"""
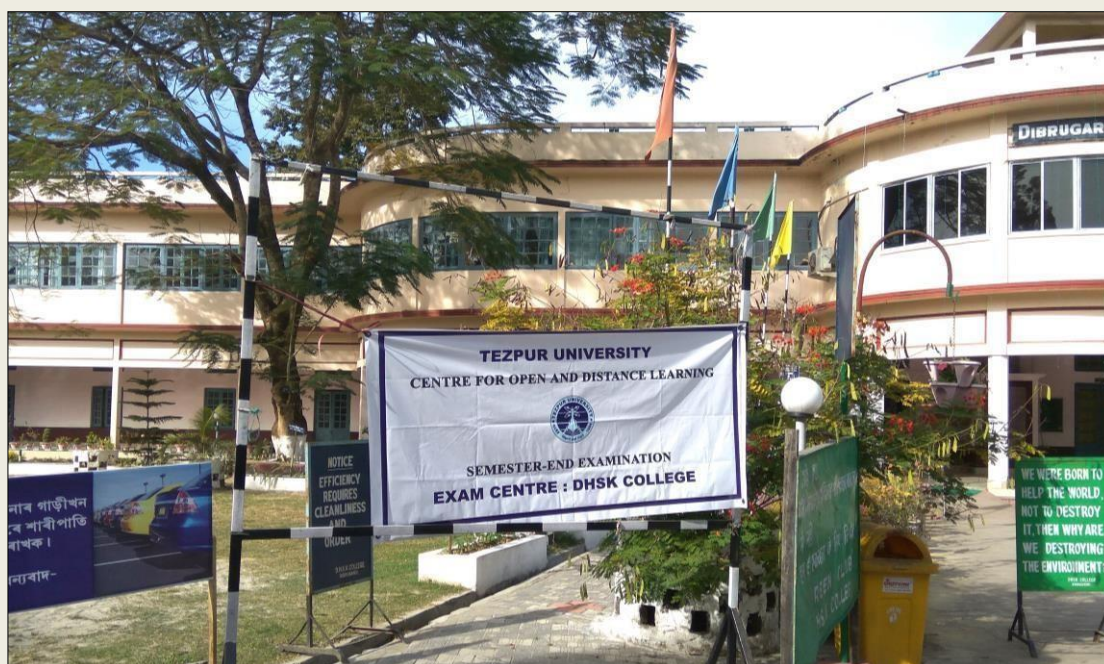
Study Centre of CDOE at DHSK College, Dibrugarh
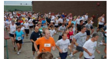
Runners at the 2008 event.

The Little Great Race Committee has been hard at work preparing for this year’s event which will take place at Charleroi Community Park on Saturday, September 11th.
"""
Task objective »
Retype the lines beginning at the one containing "Runners at the 2008 event." and ending at the final line of the material, both included.

Result of this task »
Runners at the 2008 event.

The Little Great Race Committee has been hard at work preparing for this year’s event which will take place at Charleroi Community Park on Saturday, September 11th.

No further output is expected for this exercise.